These tools are not competitors. Each one occupies a distinct role:

Feast manages feature data: defining, transforming, storing, and serving features consistently for both training and inference. It also tracks feature lineage and supports data quality monitoring.
MLflow tracks experiments: logging runs, metrics, parameters, artifacts, and candidate models.
Kubeflow orchestrates ML workflows: running distributed training, hyperparameter sweeps, and end-to-end pipelines on Kubernetes.

Together they form a complete, open-source foundation for operationalizing ML.

How are Feast, MLflow, and Kubeflow different?

If you are new to these tools, it is natural to wonder whether they overlap.
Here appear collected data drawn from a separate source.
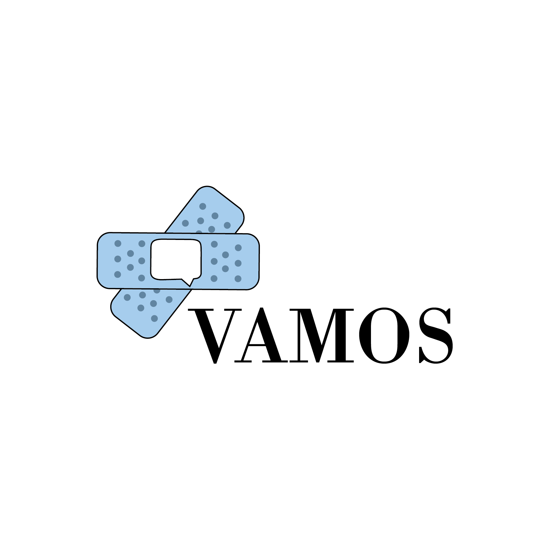 The VAMOS logo merges two symbolic elements: Bandages representing healthcare, healing, and physical care, and a Speech Bubble representing communication and language access
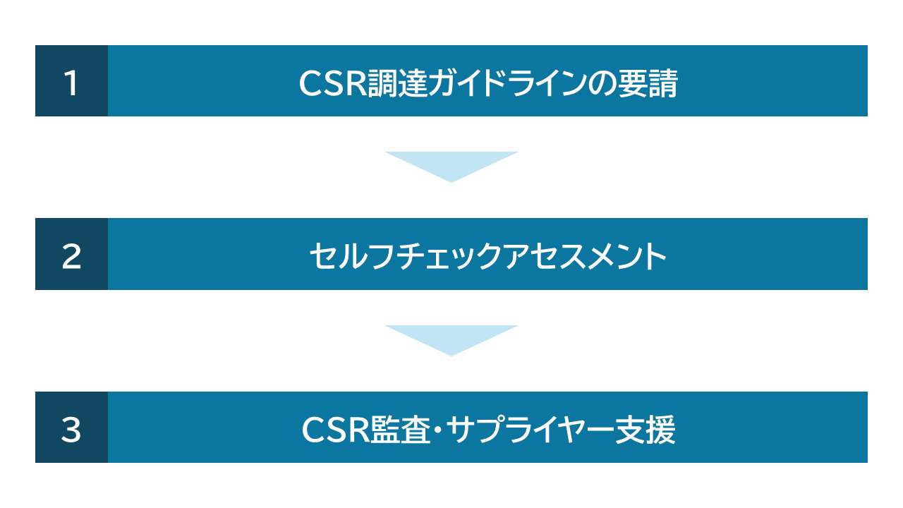 当社グループでは、サプライチェーン全体でCSR調達を推進していくために、「CSR調達方針」「CSR調達ガイドライン」に基づいたサプライチェーンマネジメントを実施しています。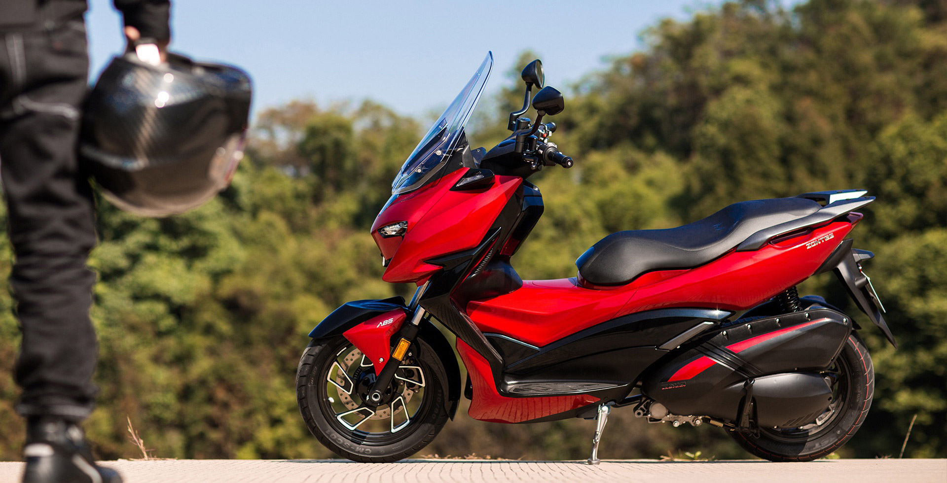 - Τέλος το Ε350, το κορυφαίο scooter της γκάμας, διαθέτει εξαιρετική αισθητική και μοναδικά χαρακτηριστικά απόδοσης και εξοπλισμού. Ο μονοκύλινδρος κινητήρας των 349 κ.εκ. αποδίδει 37 ίππους και 38Nm ροπής, εξασφαλίζοντας δυναμικές επιδόσεις. Στον βασικό εξοπλισμό περιλαμβάνονται φώτα LED, ψηφιακά όργανα, θύρες USB, σύστημα ελέγχου πίεσης ελαστικών, ABS, Traction Control, ηλεκτρικά ρυθμιζόμενη ζελατίνα, θερμαινόμενα grip, σύστημα εκκίνησης χωρίς κλειδί και θέσεις για δύο full face κράνη κάτω από τη σέλα. Η τιμή του εντυπωσιακού Ε350 διαμορφώνεται στα 5.295 ευρώ, μειωμένη κατά 300€.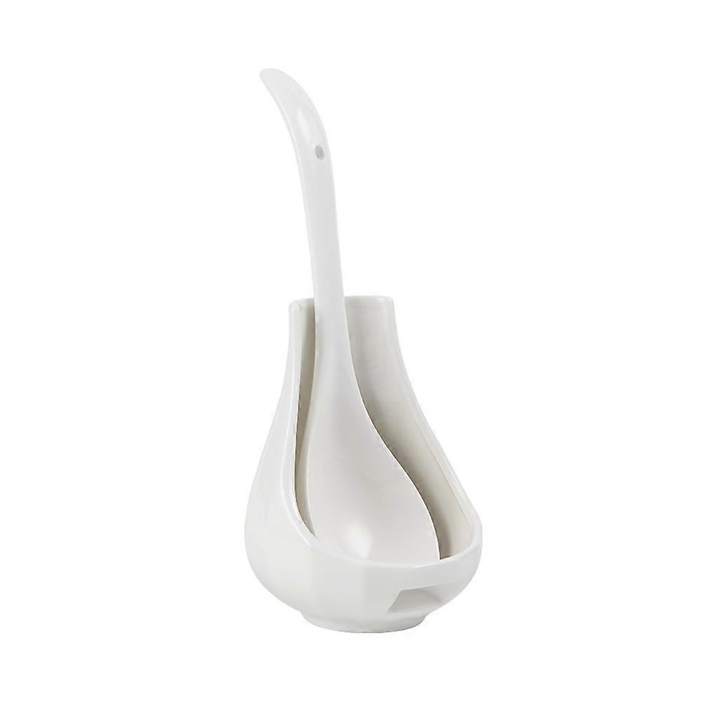 Ceramic Spoon Holder Set with Kitchen Spoons, White Decorative Eating Scoop Set for Cooking, Easy to Clean Kitchen Gadgets for Baking and Table

The short answer is: they solve fundamentally different problems in the ML lifecycle. The table below makes this concrete.

Capability	Feast	MLflow	Kubeflow
Define and version feature schemas	Yes	No	No
Store and serve features (online + offline)	Yes	No	No
Point-in-time-correct feature retrieval	Yes	No	No
Feature transformations (training = serving)	Yes	No	No
Feature lineage and registry	Yes	No	No
Data quality validation on features	Yes	No	No
Log experiments, metrics, and parameters	No	Yes	No
Track and compare model versions	No	Yes	No
Model registry (promote / alias models)	No	Yes	No
Orchestrate multi-step ML pipelines	No	No	Yes (Pipelines)
Distributed training on Kubernetes	No	No	Yes (Training Operator)
Hyperparameter tuning	No	Yes (with Optuna, etc.)	Yes (Katib)

A few common misconceptions:

“Can’t MLflow track my features?” — MLflow can log feature names as parameters, but it does not define, store, transform, or serve features. It has no concept of an offline store, an online store, or point-in-time joins. Feast fills that gap.
“Doesn’t Kubeflow handle everything end-to-end?” — Kubeflow orchestrates workflows — it tells your pipeline steps when to run and where. But it does not provide feature storage, experiment tracking, or model versioning. You still need Feast for the data layer and MLflow for the experiment layer.
“Why do I need Feast if I just read from a database?” — Without Feast, teams typically duplicate feature logic between training scripts and serving endpoints, which leads to training–serving skew. Feast guarantees the same transformation and retrieval logic is used in both contexts.

With that context, the rest of this post walks through each tool in detail and shows how they hand off to one another in practice.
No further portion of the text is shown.